Ähnlich wie von Lou (2014) berichtet, ist bei Jugendlichen in Deutschland zwischen elf und 15 Jahren laut Bucksch und Kollegen (2014) besonders die Computernutzung für Hausaufgaben, Emails, Internet, Chatten etc. angestiegen, wobei jegliche Computerspiele ausgenommen wurden. Von 2002 bis 2010 verlängerte sich die Dauer bei Mädchen signifikant um etwa eine Stunde (Bucksch et al., 2014). Erklärt wird der Zuwachs von den Autoren mit (vermehrter) schulbedingter Nutzung wie Hausaufgaben, aber auch durch mehr Chatten und Mailen (Bucksch et al., 2014). Insgesamt verbrachten deutsche Jugendliche im Jahr 2010 etwas mehr als zwei Stunden am Wochenende und etwa 1,5 Stunden an Werktagen mit einem Computer, wobei sich die Dauer zwischen den Geschlechtern kaum unterscheidet (Bucksch et al., 2014). In der heutigen Zeit werden Computer von Jugendlichen, besonders von den Jungen meistens für Spiele genutzt. Dennoch kommt das Smartphone bei 41 Prozent der Befragten für Spiele am häufigsten zum Einsatz und ist heutzutage das am weitesten verbreitete Mediengerät unter den Jugendlichen (Feierabend et al., 2020). 93 Prozent der Jugendlichen besitzen ein eigenes Smartphone und zwei Drittel der Jugendlichen haben einen eigenen Laptop oder Computer. Die durchschnittliche Prävalenz der Spieldauer allein beläuft sich pro Tag auf 81 Minuten unabhängig vom Gerät und Geschlecht (Feierabend et al., 2020). Bereits knapp ein Drittel (27 Prozent) der Kinder im Alter von sechs bis 13 Jahren nutzen täglich das Internet und 42 Prozent dieser Altersgruppe nutzen Smartphones jeden Tag. In diesen jungen Jahren besitzen bereits 39 Prozent der Kinder ein eigenes Smartphone (Feierabend et al., 2019). Die Internetnutzung der sechs bis 13-Jähringen via Handy, Smartphone und Tablet hat sich im Vergleich zur Befragung 2016 zwischen acht und 13 Prozentpunkten erhöht, wohingegen der Computer für die Internetnutzung an Relevanz leicht verloren hat (Feierabend et al., 2019).
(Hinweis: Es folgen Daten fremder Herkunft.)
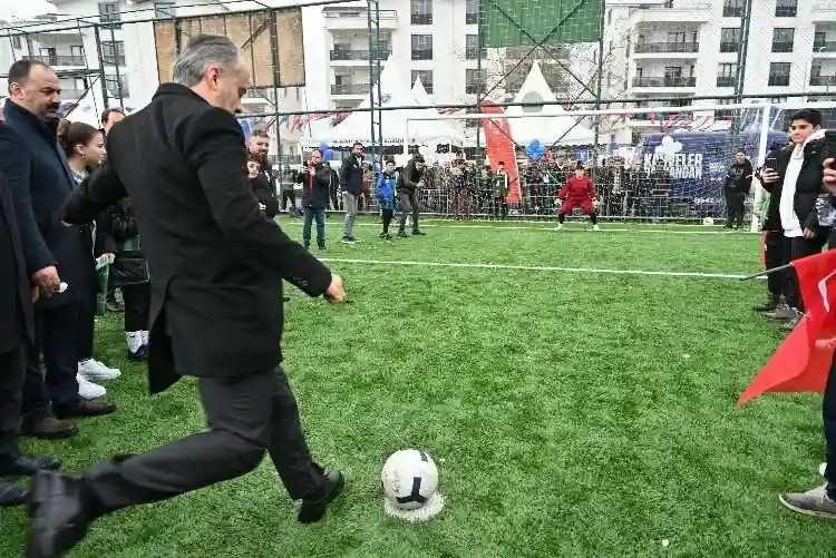 Konuşmaların ardından Başkan Alinur Aktaş ve beraberindekiler tarafından kurdele kesimiyle tesis hizmete açıldı. Başkan Aktaş, daha sonra topun başına geçerek gençlere penaltı atışı yaptı.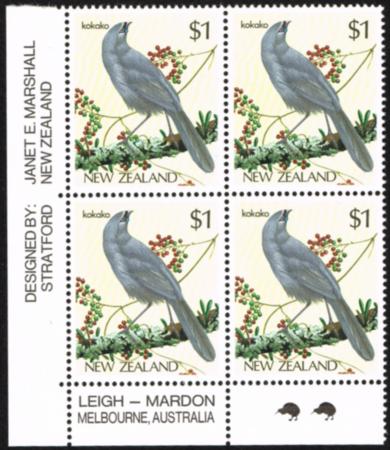 | 1985 $1 Birds (Kokako). UHM imprint block of four with two Kiwis. CP PC5b, SG 1292.

All diese Publikationen aus den letzten zwei Jahrzehnten zeigen weltweit nicht nur eine Zunahme des Medienkonsums und der Bildschirmzeit, sondern auch eine steigende Tendenz der (übermäßig) langen Sitzdauer von Kindern und Jugendlichen. Anzunehmen ist, dass Kinder und Jugendliche seit Beginn der Covid-19 Pandemie durch Homeschooling und Kontaktbeschränkungen noch mehr Zeit mit diversen Medien und somit auch mehr Zeit sedentär verbringen.